▸ Raw data:
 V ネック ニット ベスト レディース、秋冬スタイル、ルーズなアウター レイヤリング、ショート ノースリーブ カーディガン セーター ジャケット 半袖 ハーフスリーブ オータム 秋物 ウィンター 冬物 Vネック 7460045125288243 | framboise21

---

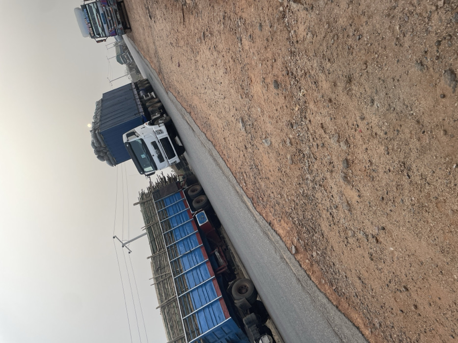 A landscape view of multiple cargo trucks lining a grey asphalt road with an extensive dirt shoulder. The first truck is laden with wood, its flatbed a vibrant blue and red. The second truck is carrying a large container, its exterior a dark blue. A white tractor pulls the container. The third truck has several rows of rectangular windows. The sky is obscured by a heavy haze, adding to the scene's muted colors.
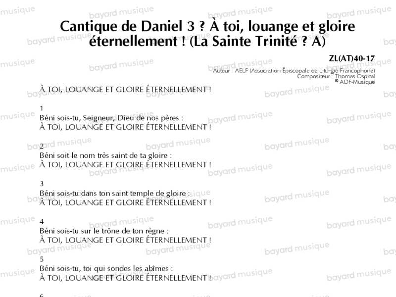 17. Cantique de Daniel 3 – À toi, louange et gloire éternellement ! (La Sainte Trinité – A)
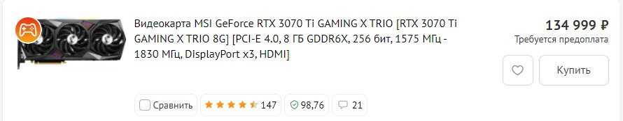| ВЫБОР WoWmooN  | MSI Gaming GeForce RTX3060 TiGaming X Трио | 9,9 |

==

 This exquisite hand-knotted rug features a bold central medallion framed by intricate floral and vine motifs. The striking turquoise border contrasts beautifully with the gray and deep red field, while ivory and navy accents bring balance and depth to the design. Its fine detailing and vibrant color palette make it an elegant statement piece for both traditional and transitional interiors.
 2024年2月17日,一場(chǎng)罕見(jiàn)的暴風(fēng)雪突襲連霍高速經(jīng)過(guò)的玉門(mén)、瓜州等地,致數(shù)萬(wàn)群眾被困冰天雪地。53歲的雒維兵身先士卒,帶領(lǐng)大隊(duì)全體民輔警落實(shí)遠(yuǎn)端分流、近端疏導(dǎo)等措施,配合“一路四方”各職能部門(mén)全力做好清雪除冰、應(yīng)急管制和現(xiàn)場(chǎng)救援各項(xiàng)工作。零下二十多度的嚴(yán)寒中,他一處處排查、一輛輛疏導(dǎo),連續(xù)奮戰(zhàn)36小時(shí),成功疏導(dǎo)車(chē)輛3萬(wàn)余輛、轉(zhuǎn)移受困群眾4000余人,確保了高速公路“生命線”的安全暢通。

▸ Assignment: Reproduce, word for word, everything in the listing above from the line containing "17. Cantique de" down to the line containing "Трио | 9,9 |", both of them included. No pictures.

▸ Solved exercise:
 17. Cantique de Daniel 3 – À toi, louange et gloire éternellement ! (La Sainte Trinité – A)
| ВЫБОР WoWmooN  | MSI Gaming GeForce RTX3060 TiGaming X Трио | 9,9 |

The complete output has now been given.